In the listing below, locate the line containing "Бобков Н. А." and copy it and every line after it through the end, exactly as written, leaving out any pictures.

* [RECORDED INFORMATION]
::::::

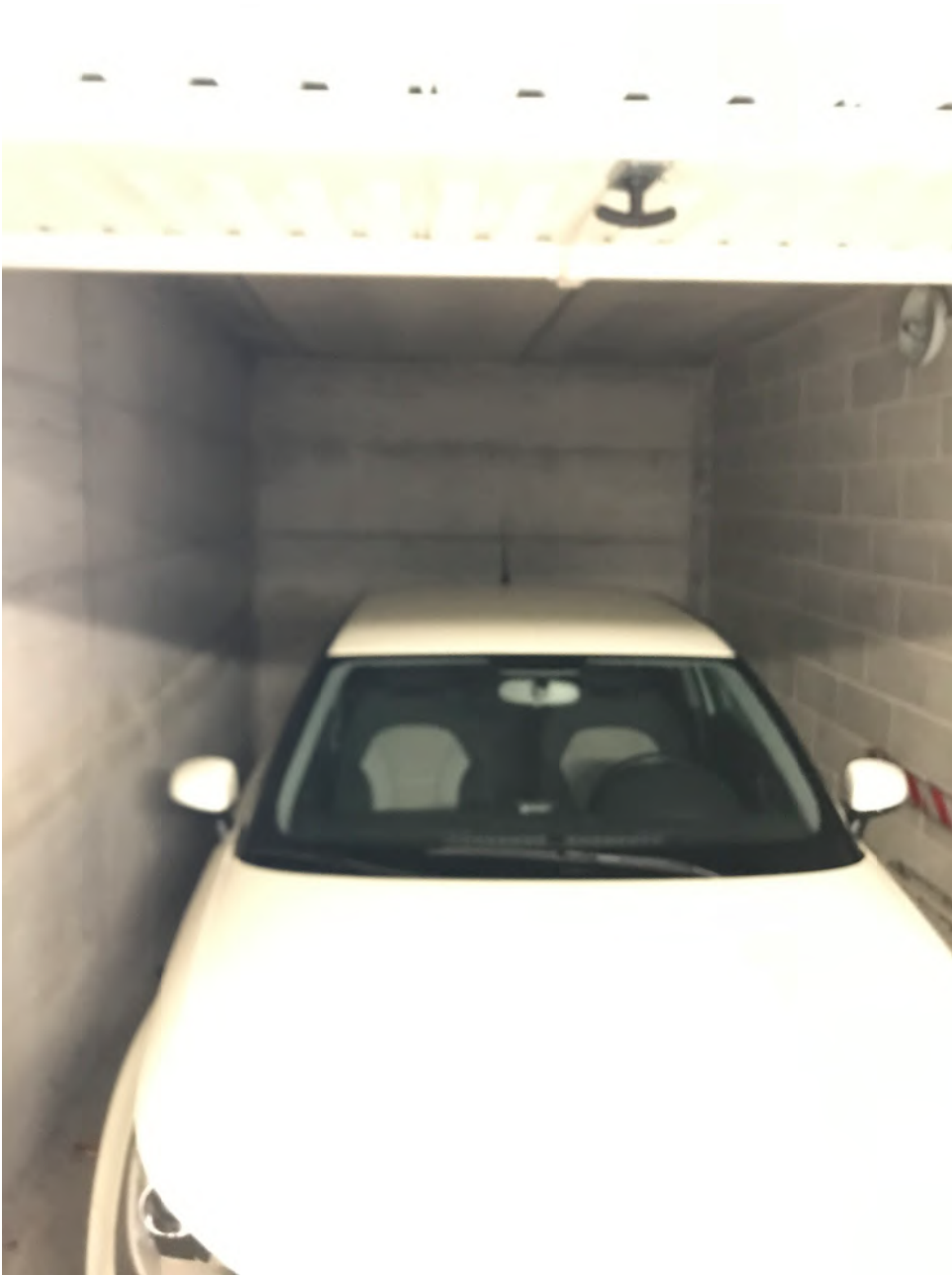
Garage sub 34
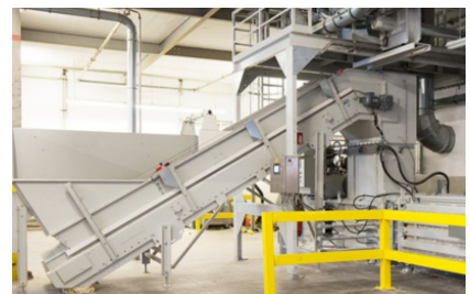
Voor continue toevoer met transportband, luchttoevoer e.d. geschikt
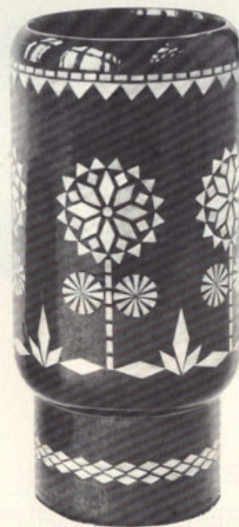
Бобков Н. А. Ваза-карандашница. Дерево. Инкрустация соломкой.
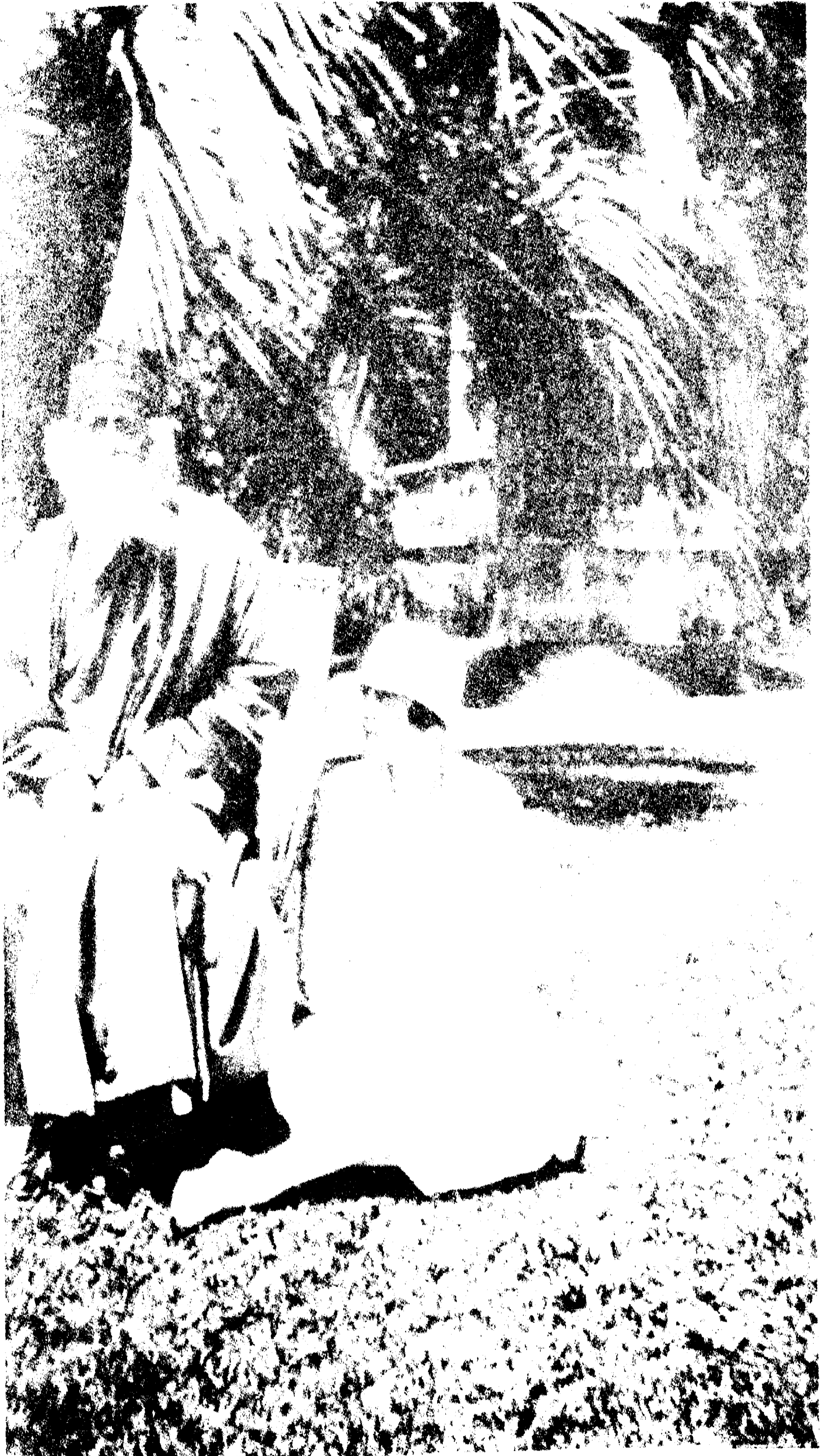
রবীন্দ্রনাথ ও 'বিজয়া' ভিক্টোরিয়া ওকাম্পো

::::::

* [OUTPUT FOR THIS TASK]
Бобков Н. А. Ваза-карандашница. Дерево. Инкрустация соломкой.
রবীন্দ্রনাথ ও 'বিজয়া' ভিক্টোরিয়া ওকাম্পো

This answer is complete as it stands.